Neither the Outdoor Industry Association nor the Colorado Tourism Office could say exactly how often tourism and outdoor recreation intersect. But evidence suggests that the two industries are mutually beneficial.
Of the travelers who visit Colorado in the summer, 52 percent take scenic drives, 46 percent visit a state or national park, and 32 percent hike or backpack, said Cathy Ritter, Colorado’s tourism boss.
Similarly, Vail’s GoPro Mountain Games brings in 3,300 athletes and 67,000 spectators annually, generating $7.2 million in economic impact, according to the Outdoor Industry Association’s report, out Tuesday.
That’s not to say the tourism and outdoor-recreation industries rely on each other exclusively. The OIA report found that 71 percent of Colorado’s 5.7 million residents participate in outdoor recreation…
Outdoor recreation and tourism last year brought in $2 billion and $1.2 billion in state and local taxes, respectively.
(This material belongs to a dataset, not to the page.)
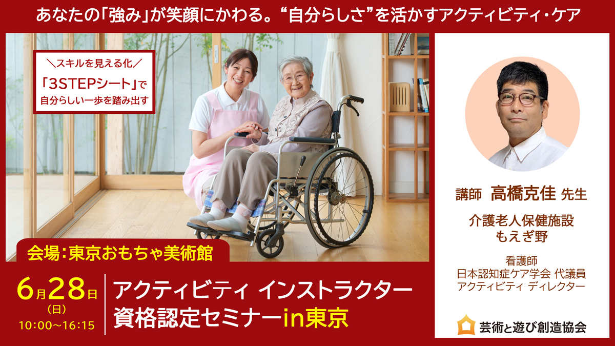 開催日:2026年6月28日(日)10:00~16:15 会 場:東京おもちゃ美術館 (〒160-0004 東京都新宿区四谷4-20) 「心の管理栄養士」として、要介護高齢者の意欲と笑顔を引き出す アクティビティ・ケアの基礎を5時間で学ぶ通学講座です。 リハビリや機能訓練を行っていても、 認知症の方の「意欲が続かない」、 「もっとその人らしい関わり方をしたい」 そんなことを感じることはありませんか。 本講座では、対象者の“心が動く瞬間”に着目し、 意欲や行動の変化につながる関わり方を学びます。 講義では、「レクリエーション」と「アクティビティ」の違いを整理し、 対象者の“心が動いた”ことで生活に変化が生まれた事例から、 アクティビティ・ケアの基礎理論を学びます。 実技では、ゲーム大会などのグループワークを通して、 体験的に理解を深め、明日からの臨床に活かせる視点を身につけていきます。 ◆こんな方におすすめの講座です ・リハビリや機能訓練に、“楽しさ”や“その人らしさ”を取り入れたい方 ・認知症の方との関わりに、よりよいヒントを見つけたい方 ・自分の強みや経験を臨床に活かしたい方 ◆本講座のポイント ① 心を動かす実践事例から学ぶアクティビティ・ケアの基礎理論 現場での実践をもとに、アクティビティ・ケアの考え方をわかりやすく学びます。 ② 身近な素材を使ったコミュニケーションツール制作&アクティビティ・トイ体験 高齢者のADL維持やコミュニケーションに役立つアクティビティ・トイを活用し、 実際に身体を動かしながら、“心が動く瞬間”を体感します。 ③ 「その人らしさ」を支えるには、「自分らしさ」の理解から 「3STEPシート」を使って、自分の得意なこと・経験・スキルを見える化し、 自分らしいかかわり方を考えます。 さらにグループワークでは、他の参加者のアイデアや視点を共有することで、 アクティビティのの幅を広げていきます。 講師:高橋克佳先生 介護老人保健施設もえぎ野 看護師 日本認知症ケア学会 代議員 |

The state tourism report found that each Colorado resident would have to pay an additional $216 to replace the taxes that visitors kick in each year.
Outdoor recreation, such as camping, motorcycling and trail sports, directly creates 229,000 jobs and nearly $10 billion in wages and salaries, OIA executive director Amy Roberts said.
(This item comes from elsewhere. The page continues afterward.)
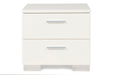 Enhance your bedroom with the Sapphire Modern 2-Drawer Nightstand in high gloss white. Constructed from high-quality manufactured wood, this nightstand features a smooth, ripple-free surface and a glossy white laminate finish for a sleek, contemporary look. The design is highlighted by elongated chrome drawer pulls and silver mylar bases that catch and reflect light, adding a striking modern effect. Inside, the roomy drawers offer ample storage with durable dovetail joinery and smooth full-extension slides for effortless use. This nightstand combines stylish design with practical functionality, making it a perfect addition to any contemporary space.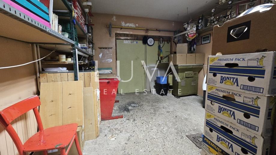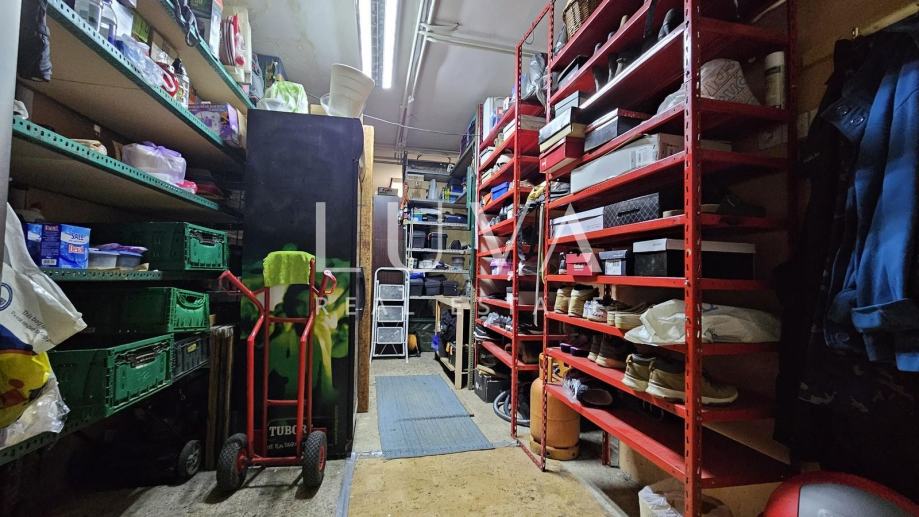 U prizemlju se nalazi prostrana blagovaonica, kuhinja koja je obnovljena 2021. godine, kupaonica, garaža za dva automobila, te dodatno spremište.

Tourism directly created 165,000 jobs that supply $5.8 billion in wages, according to the tourism office. In comparison, oil, gas and mining accounts for 58,000 Colorado jobs, the OIA report pointed out without citing total wages.
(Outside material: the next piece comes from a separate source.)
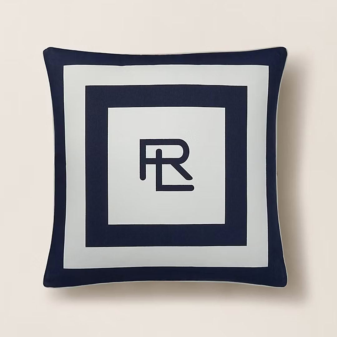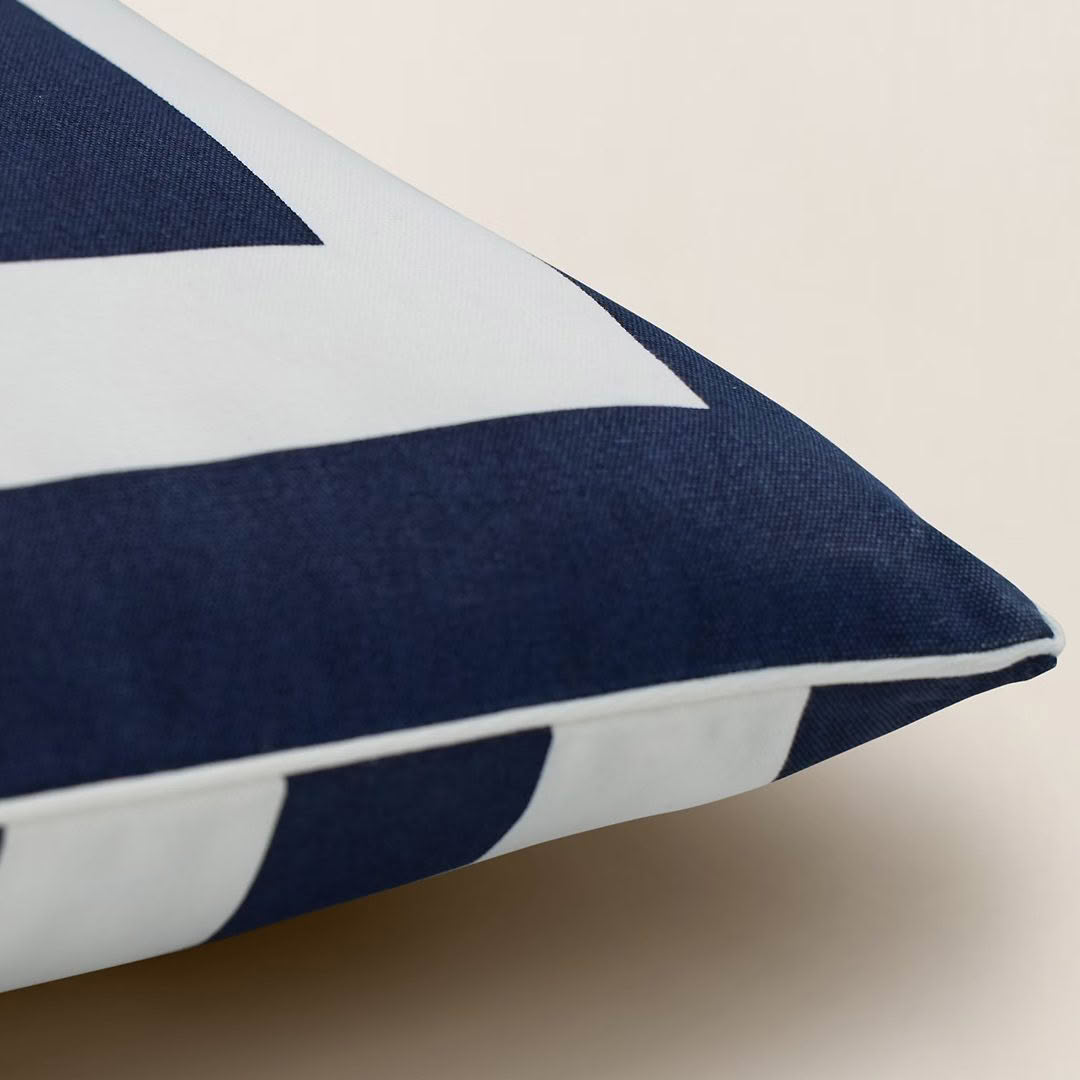 Blue decorative throw pillow with gold geometric patternTextured blue fabric with golden curved line design

Since the recession, Colorado has logged a 37 percent increase in total visitation, compared with a 17 percent increase across the U.S. The $19.7 billion in tourism consumer spending is a new high for the state.
And both Ritter and Roberts expect their industries to grow — outdoor recreation aided by friendly policies, businesses relocating to the state and a strong independent retail sector, and tourism buoyed by the national “Come to Life” marketing campaign that helped grow Colorado’s share of the U.S. tourism market to 3.1 percent from 2.8 percent in a year.